• What is required
Your copy should repeat each record below exactly and contain no images.
*** Exercise data Section Begins ***
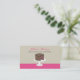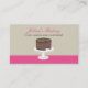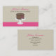 A simple business card featuring an illustration of a chocolate layer cake with raspberry filling on a white cake stand. Text is brown and pink. Customise the front with business name and short description. Personalise the brown text on back with your name, job title, and contact information.
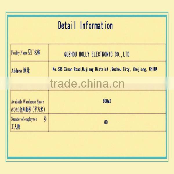 Quzhou Holly Electronics Co., Ltd. (Holly) is a high-tech enterprise integrating research, manufacture and trade together. Holly has a highly technological background, winning customers' trust by manufacturing and supplying services strongly according to ISO9000:2000 system.
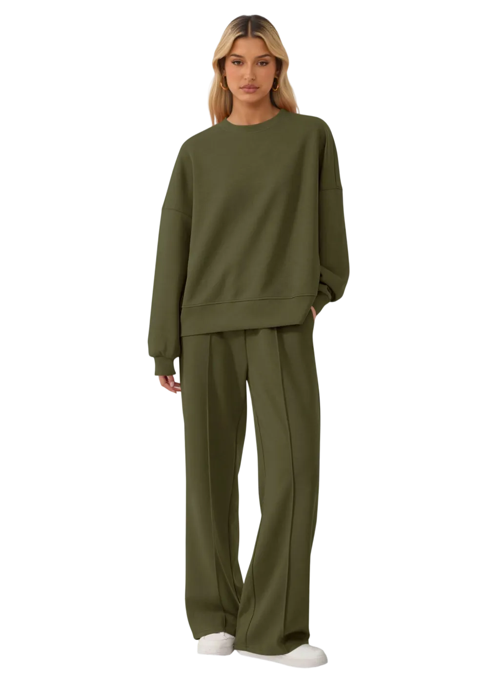 Women's Cozy Round Neck Top & Wide Leg Trousers Two Piece Outfits
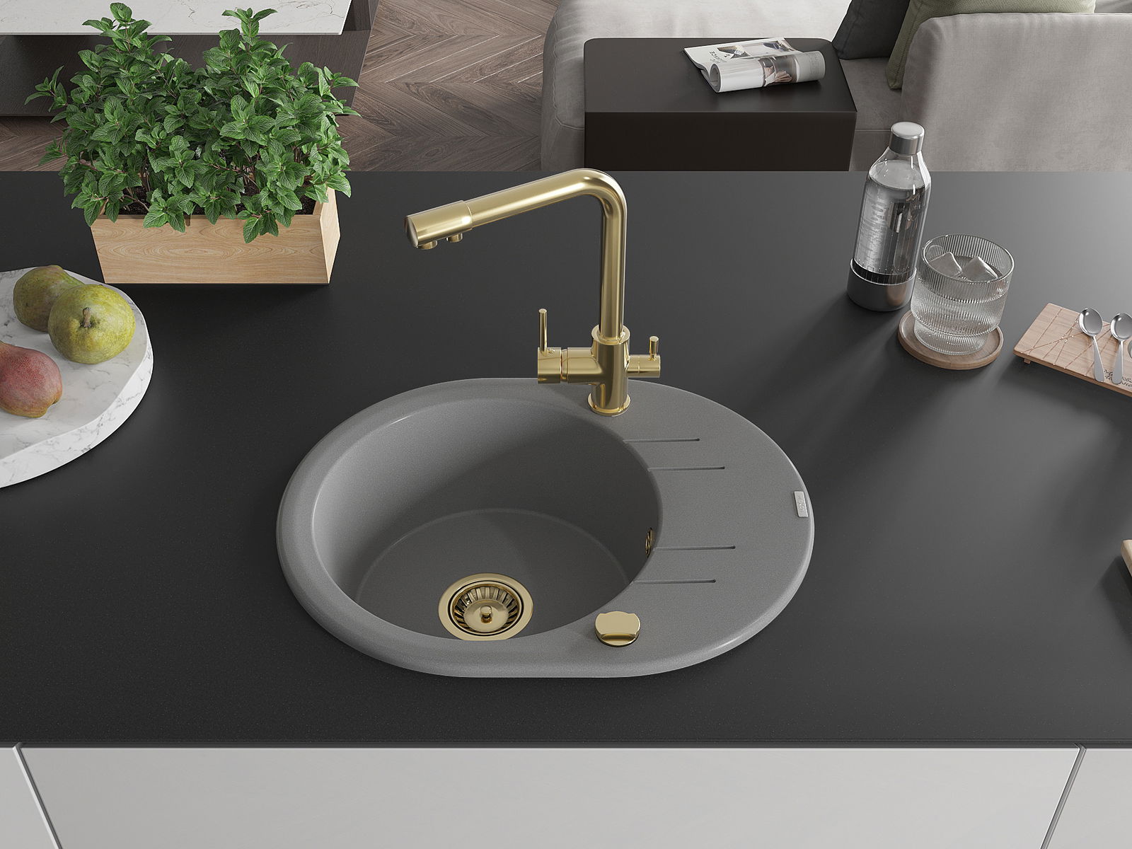 Den Ëmwäschbecken ass aus héichwäertege Granit gemaach. Et stellt eng elegant awer virun allem praktesch Ergänzung fir all Kichen duer, onofhängeg vun hirem Stil. Déi héich Qualitéit an Haltbarkeet vum Granit suergen fir méi järelaang Benotzung.
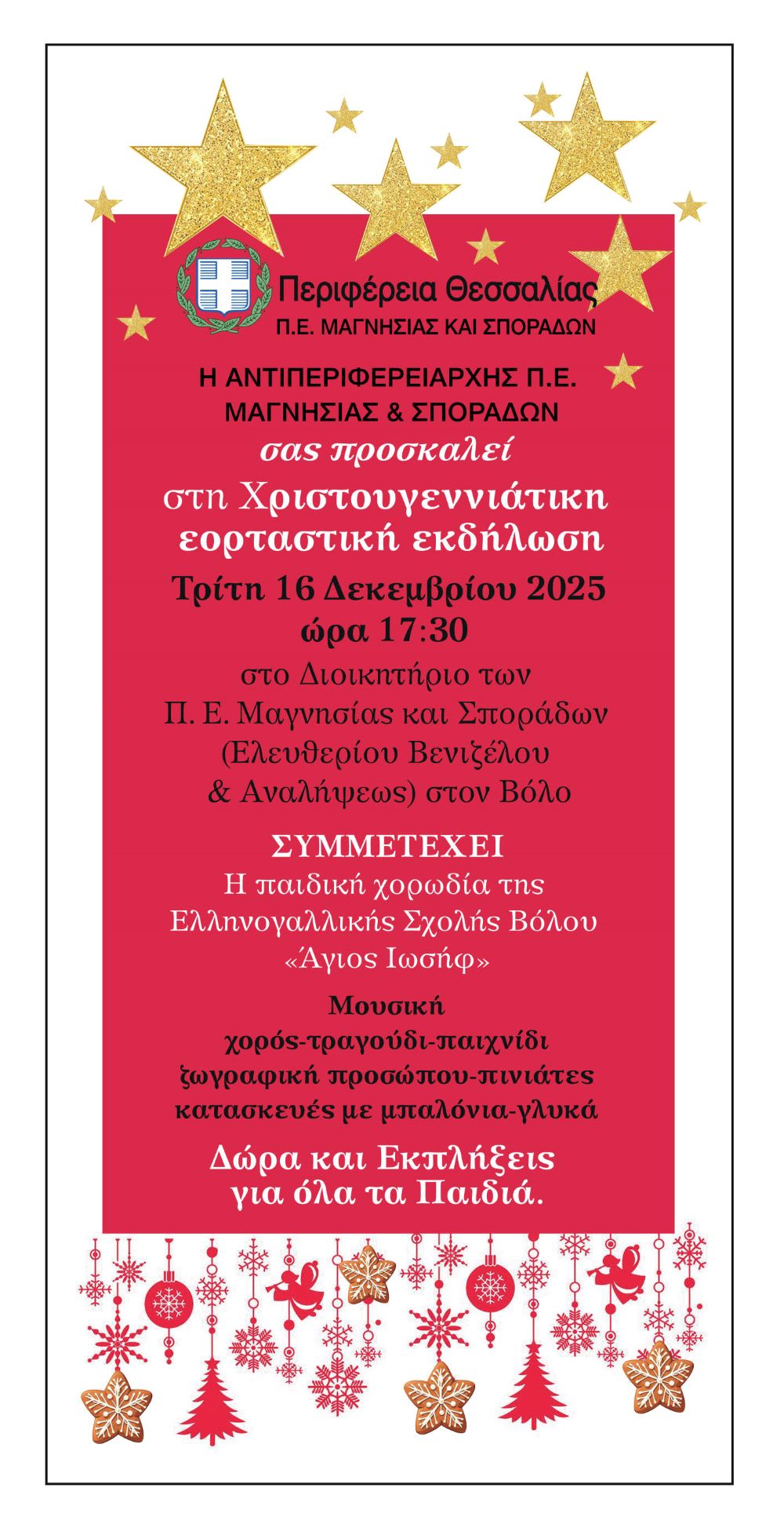 Χριστουγεννιάτικη εκδήλωση για τα παιδιά θα πραγματοποιηθεί στο διοικητήριο της Περιφερειακής Ενότητας Μαγνησίας την Τρίτη 16 Δεκεμβρίου στις 5.30 το απόγευμα. Θα συμμετέχει η παιδική χορωδία της Ελληνογαλλικής Σχολής Βόλου «Άγιος Ιωσήφ», ενώ το πρόγραμμα περιλαμβάνει, μουσική, τραγούδι, χορό, παιχνίδι, ζωγραφική προσώπου, μπαλόνια, γλυκά και δώρα για τα παιδιά.
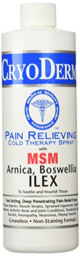CryoDerm pain relief spray is a professional strength analgesic spray to help sooth the pain of: fibromyalgia, arthritis, muscle spasm, Back pain, joint pain, neck pain, elbow pain, TMJ, bursitis and tendonitis. It goes on cool and then almost creates a "mask" helping to block the pain. CryoDerm is great to apply on painful areas before bed to help you sleep. This is the large 'clinic' size used by chiropractors and sport's teams. CryoDerm is fast becoming the favorite topical analgesic amongst arthritis back pain sufferers because it works fast and provides soothing relief. Whether you suffer from muscle sprains & strains, bursitis, tendonitis, arthritis, back aches or other joint pain, you should use CryoDerm pain relieving spray for fast relief. Please understand that this is powerful, yet temporary relief and will not cure your ailment. But, neither does pain medication. CryoDerm pain relief spray is a natural way to achieve relief without taking harmful pain medication. There are several amazing ingredients in CryoDerm that help provide the pain relief. The main active ingredient is menthol, which is derived from peppermint oil. Other ingredients include: Arnica, Boswella, Ilex and MSM. Arnica, which is also known as leopard's bane has a bright yellow flower that blooms in the summer.
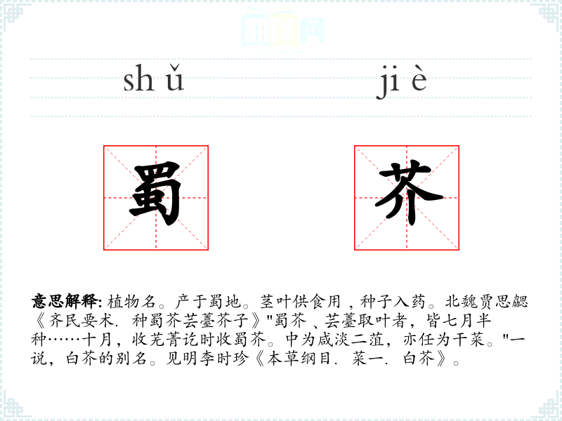 1.植物名。产于蜀地。茎叶供食用﹐种子入药。北魏贾思勰《齐民要术.种蜀芥芸薹芥子》"蜀芥﹑芸薹取叶者,皆七月半种……十月,收芜菁讫时收蜀芥。中为咸淡二菹,亦任为干菜。"一说,白芥的别名。见明李时珍《本草纲目.菜一.白芥》。
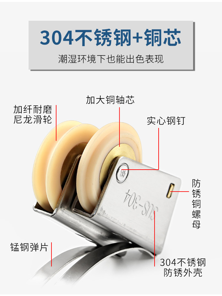 Bathroom Makeup Room Glass Ramen Rail Roller wardrobe Ramen pulley Lower wheel 304 stainless steel recessed cam
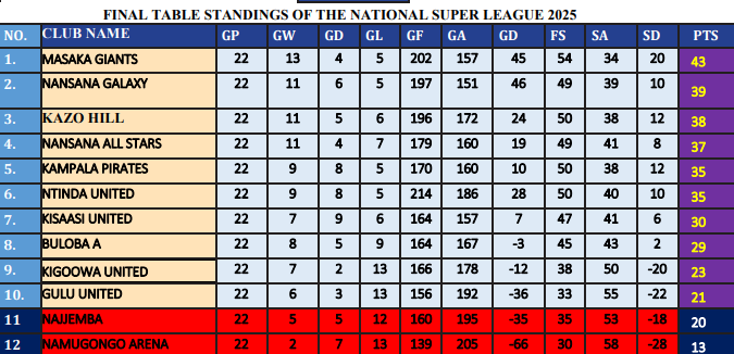 The season that started in April 2025 was played on home and away basis with Masaka Giants defending the title after topping the standings with 43 points.
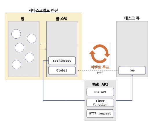 브라우저의 Web API인 setTimeout 함수가 호출되면 자바스크립트 엔진의 콜 스택에 푸쉬되어 실행된다.
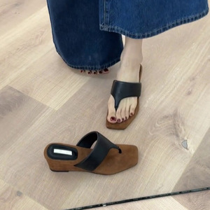 厚底フリップフロップ、レトロミニマリストスクエアトゥビーチサンダル、女性用ウェッジビーチシューズ
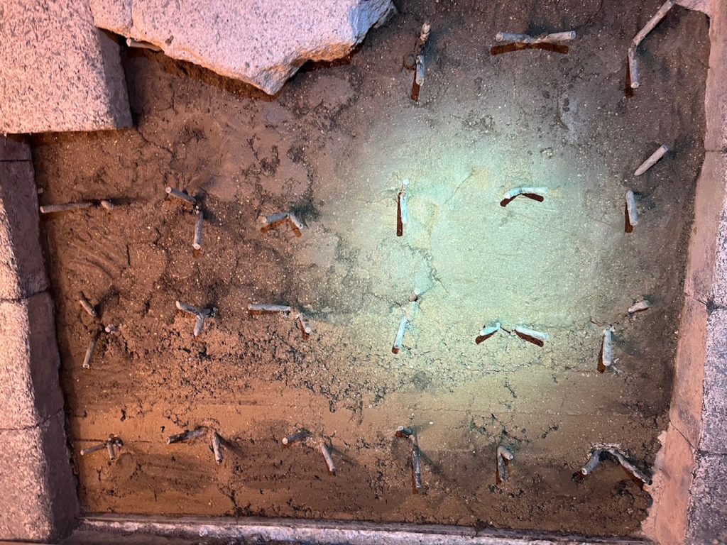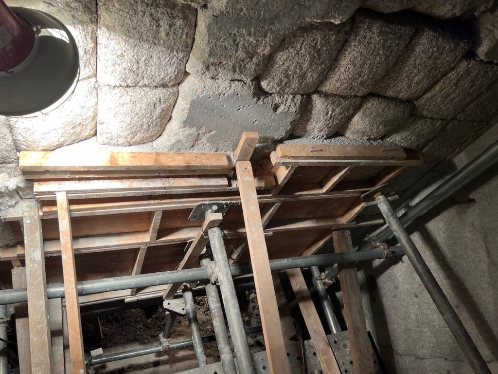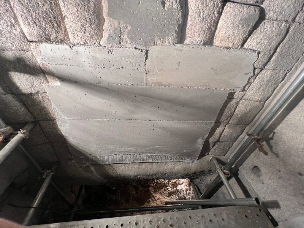欠落してしまった耐火ブロックや耐火煉瓦、中心のアンカー部分を確認し施工範囲を確認します。
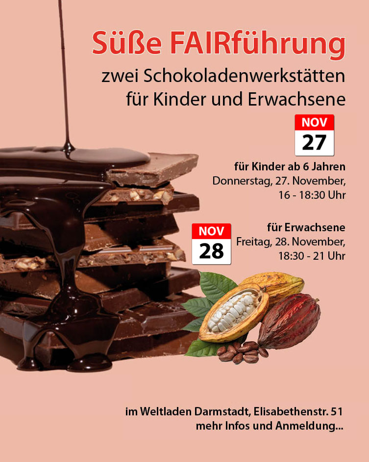 Wenn der Duft frisch gerösteter Kakaobohnen durch den Weltladen zieht, dann steht eines fest: Es wird süß, kreativ und fair! Ende November laden wir Kinder und Erwachsene ein, die Welt der Schokolade mit allen Sinnen zu entdecken – vom Kakaobaum bis zur eigenen, handgemachten Weihnachtsschokolade. Schokoladenwerkstatt für Kinder – Von der Kakaobohne zur SchokoladeIn unserer […]
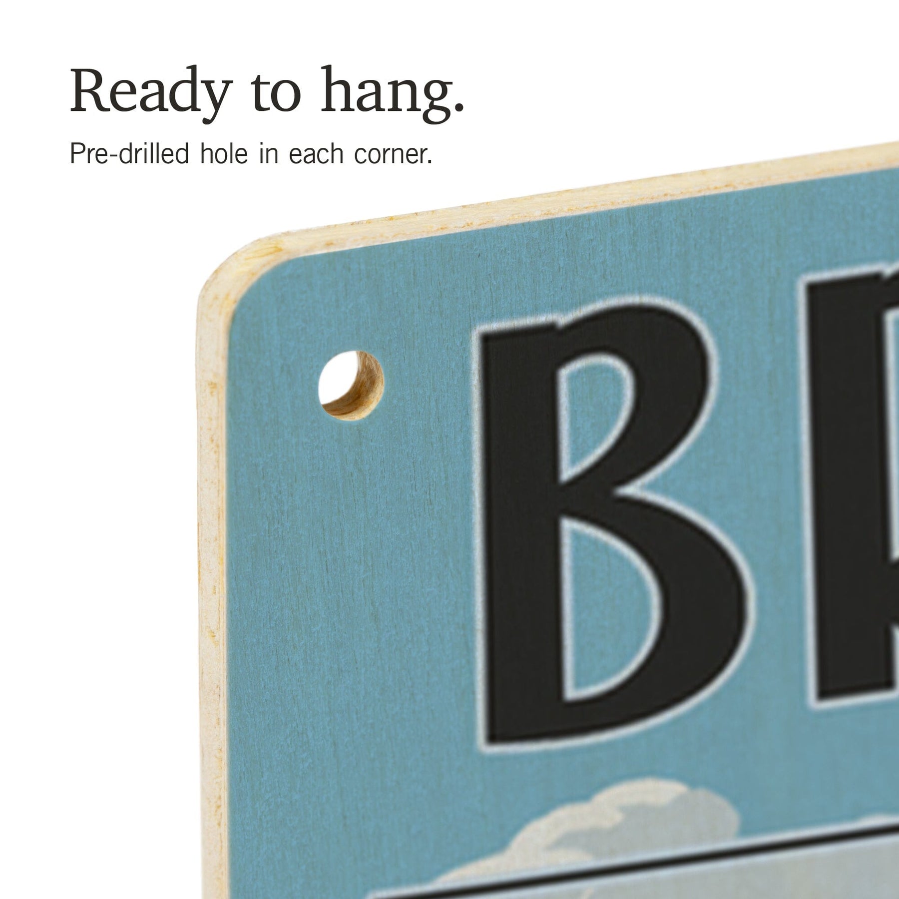 • Hole in each corner, ready to hang
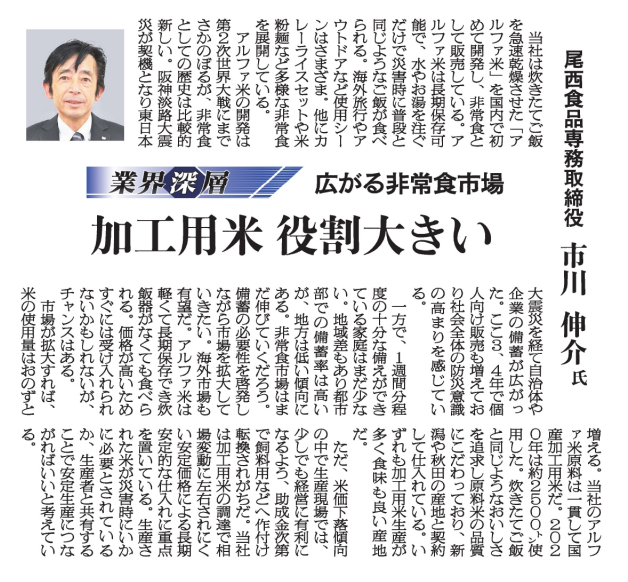 日本農業新聞から取材を受け、業界深層に市川専務の記事が出ました
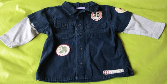 Nieuw donkerblauwe blouse met grijze ondermouw.
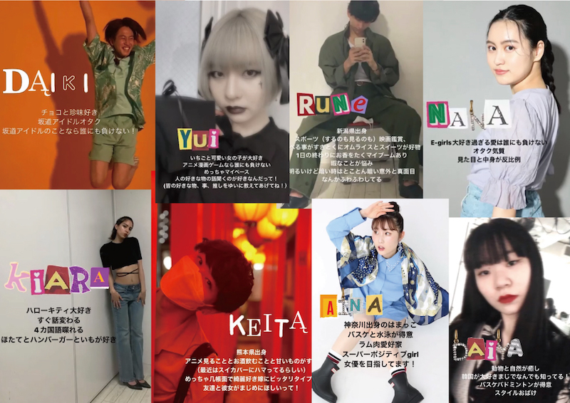 緑:Keita 水色:Daiki 黄色:Rune グレー:Nana オレンジ:Yui ピンク:Aina 紫:Daiya
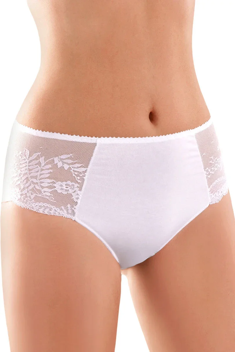Vysoké bavlněné dámské kalhotky s krajkovou vsadkou na bocích.
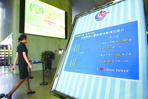 20日,中海油總部大堂豎起“每日能耗統計牌”,明示前一天大廈用電、用水量等信息,墻上的大屏幕則不間斷播放綠色辦公宣傳短片,這些舉措時刻提醒每一位員工節能環保。(記者童曙泉/席賀興攝 )
*** Exercise data Section Ends ***
• Exercise answer
 A simple business card featuring an illustration of a chocolate layer cake with raspberry filling on a white cake stand. Text is brown and pink. Customise the front with business name and short description. Personalise the brown text on back with your name, job title, and contact information.
 Quzhou Holly Electronics Co., Ltd. (Holly) is a high-tech enterprise integrating research, manufacture and trade together. Holly has a highly technological background, winning customers' trust by manufacturing and supplying services strongly according to ISO9000:2000 system.
 Women's Cozy Round Neck Top & Wide Leg Trousers Two Piece Outfits
 Den Ëmwäschbecken ass aus héichwäertege Granit gemaach. Et stellt eng elegant awer virun allem praktesch Ergänzung fir all Kichen duer, onofhängeg vun hirem Stil. Déi héich Qualitéit an Haltbarkeet vum Granit suergen fir méi järelaang Benotzung.
 Χριστουγεννιάτικη εκδήλωση για τα παιδιά θα πραγματοποιηθεί στο διοικητήριο της Περιφερειακής Ενότητας Μαγνησίας την Τρίτη 16 Δεκεμβρίου στις 5.30 το απόγευμα. Θα συμμετέχει η παιδική χορωδία της Ελληνογαλλικής Σχολής Βόλου «Άγιος Ιωσήφ», ενώ το πρόγραμμα περιλαμβάνει, μουσική, τραγούδι, χορό, παιχνίδι, ζωγραφική προσώπου, μπαλόνια, γλυκά και δώρα για τα παιδιά.
CryoDerm pain relief spray is a professional strength analgesic spray to help sooth the pain of: fibromyalgia, arthritis, muscle spasm, Back pain, joint pain, neck pain, elbow pain, TMJ, bursitis and tendonitis. It goes on cool and then almost creates a "mask" helping to block the pain. CryoDerm is great to apply on painful areas before bed to help you sleep. This is the large 'clinic' size used by chiropractors and sport's teams. CryoDerm is fast becoming the favorite topical analgesic amongst arthritis back pain sufferers because it works fast and provides soothing relief. Whether you suffer from muscle sprains & strains, bursitis, tendonitis, arthritis, back aches or other joint pain, you should use CryoDerm pain relieving spray for fast relief. Please understand that this is powerful, yet temporary relief and will not cure your ailment. But, neither does pain medication. CryoDerm pain relief spray is a natural way to achieve relief without taking harmful pain medication. There are several amazing ingredients in CryoDerm that help provide the pain relief. The main active ingredient is menthol, which is derived from peppermint oil. Other ingredients include: Arnica, Boswella, Ilex and MSM. Arnica, which is also known as leopard's bane has a bright yellow flower that blooms in the summer.
 1.植物名。产于蜀地。茎叶供食用﹐种子入药。北魏贾思勰《齐民要术.种蜀芥芸薹芥子》"蜀芥﹑芸薹取叶者,皆七月半种……十月,收芜菁讫时收蜀芥。中为咸淡二菹,亦任为干菜。"一说,白芥的别名。见明李时珍《本草纲目.菜一.白芥》。
 Bathroom Makeup Room Glass Ramen Rail Roller wardrobe Ramen pulley Lower wheel 304 stainless steel recessed cam
 The season that started in April 2025 was played on home and away basis with Masaka Giants defending the title after topping the standings with 43 points.
 브라우저의 Web API인 setTimeout 함수가 호출되면 자바스크립트 엔진의 콜 스택에 푸쉬되어 실행된다.
 厚底フリップフロップ、レトロミニマリストスクエアトゥビーチサンダル、女性用ウェッジビーチシューズ
欠落してしまった耐火ブロックや耐火煉瓦、中心のアンカー部分を確認し施工範囲を確認します。
 Wenn der Duft frisch gerösteter Kakaobohnen durch den Weltladen zieht, dann steht eines fest: Es wird süß, kreativ und fair! Ende November laden wir Kinder und Erwachsene ein, die Welt der Schokolade mit allen Sinnen zu entdecken – vom Kakaobaum bis zur eigenen, handgemachten Weihnachtsschokolade. Schokoladenwerkstatt für Kinder – Von der Kakaobohne zur SchokoladeIn unserer […]
 • Hole in each corner, ready to hang
 日本農業新聞から取材を受け、業界深層に市川専務の記事が出ました
 Nieuw donkerblauwe blouse met grijze ondermouw.
 緑:Keita 水色:Daiki 黄色:Rune グレー:Nana オレンジ:Yui ピンク:Aina 紫:Daiya
Vysoké bavlněné dámské kalhotky s krajkovou vsadkou na bocích.
 20日,中海油總部大堂豎起“每日能耗統計牌”,明示前一天大廈用電、用水量等信息,墻上的大屏幕則不間斷播放綠色辦公宣傳短片,這些舉措時刻提醒每一位員工節能環保。(記者童曙泉/席賀興攝 )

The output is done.